In the case of single-sided fixing, the fixing device has a pair structure of a heat roll and a backup roll. In the present invention, a double roll of heat roll is used for simultaneous double-sided fixing, and a soft roll serves as a backup roll. I am making it. In order to exert the effect of a soft roll, that is, an elastic layer, it is desirable that the thickness of the elastic layer such as silicon rubber or fluororubber be 50 μm or more. Here, one photoconductor drum is used as each of the first and second toner image carriers, but in the case of multicolor printing, a plurality of photoconductor drums are respectively arranged.

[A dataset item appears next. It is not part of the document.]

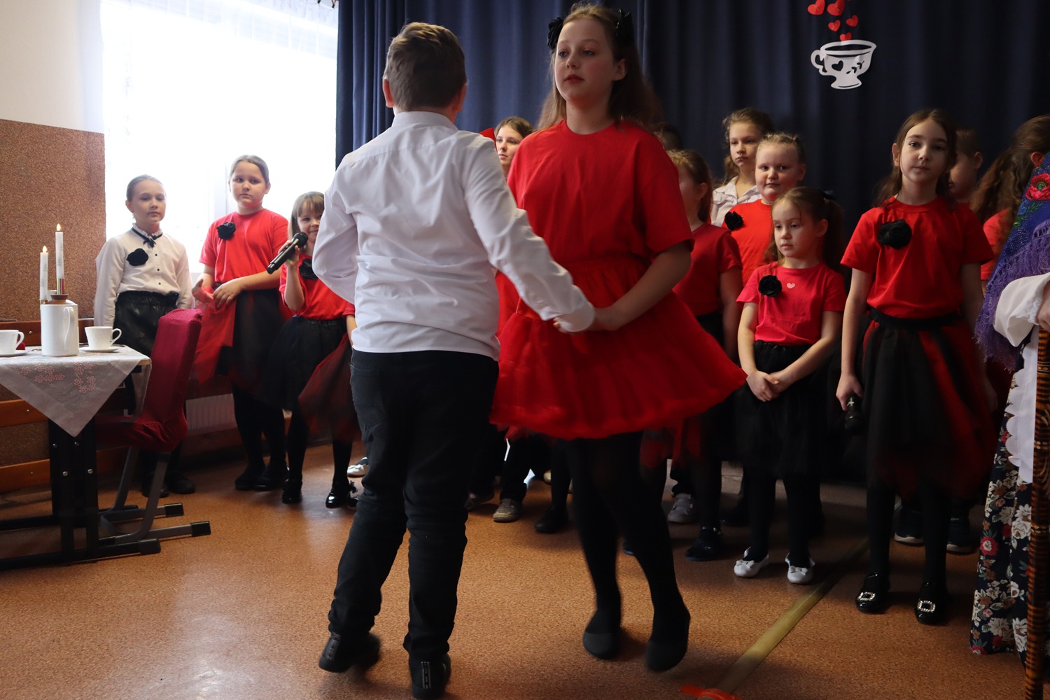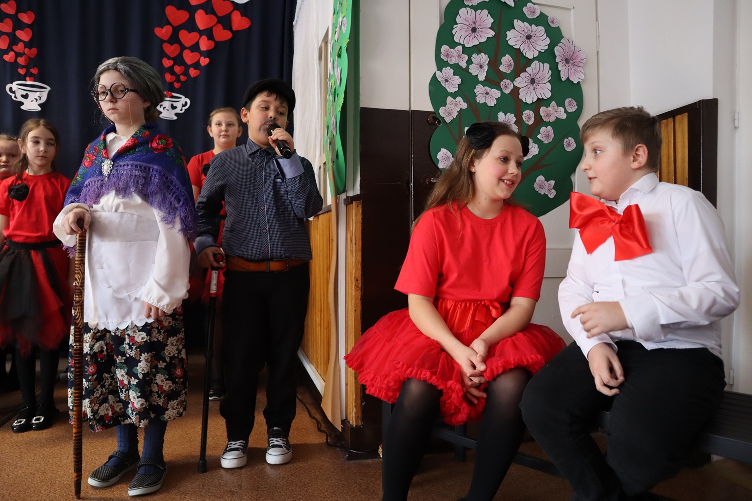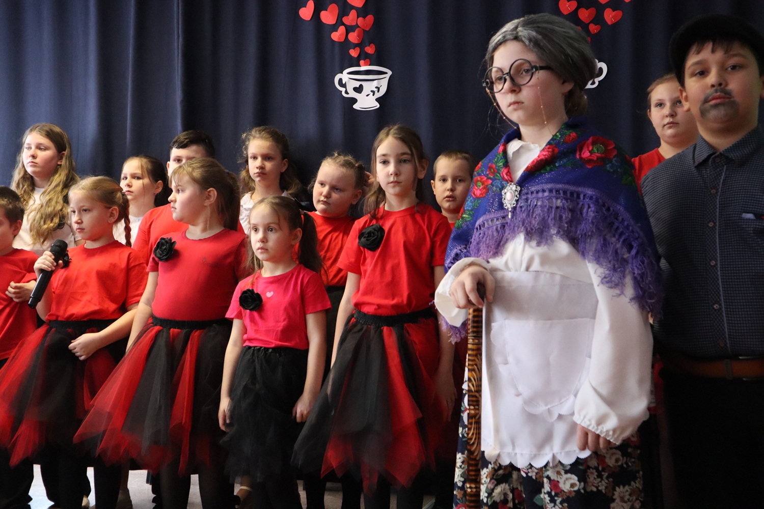 Uroczystość rozpoczęła się serdecznym powitaniem gości.  Następnie dzieci zaprezentowały bogaty program artystyczny. Jednym z najciekawszych punktów programu była inscenizacja pt. „Jak babcia z dziadkiem się poznali”, która w humorystyczny, a jednocześnie wzruszający sposób ukazała historię miłości sprzed lat. Uczniowie z wielkim zaangażowaniem wcielili się w swoje role, dostarczając publiczności wiele radości i uśmiechu.

In this embodiment, positively charged SeTe is used as the photoconductor and positively charged toner is used by the reversal development method. However, a negatively charged organic photoconductor (OPC) is used as the photoconductor. Alternatively, negatively charged toner may be used. In this case, the polarity of the transfer device is opposite to that of this embodiment.

Second Embodiment Next, a second embodiment of the present invention will be described with reference to FIGS. 2 and 5. The difference from Embodiment 1 is that two color toner images are formed on the photoconductor drum by the tri-level method.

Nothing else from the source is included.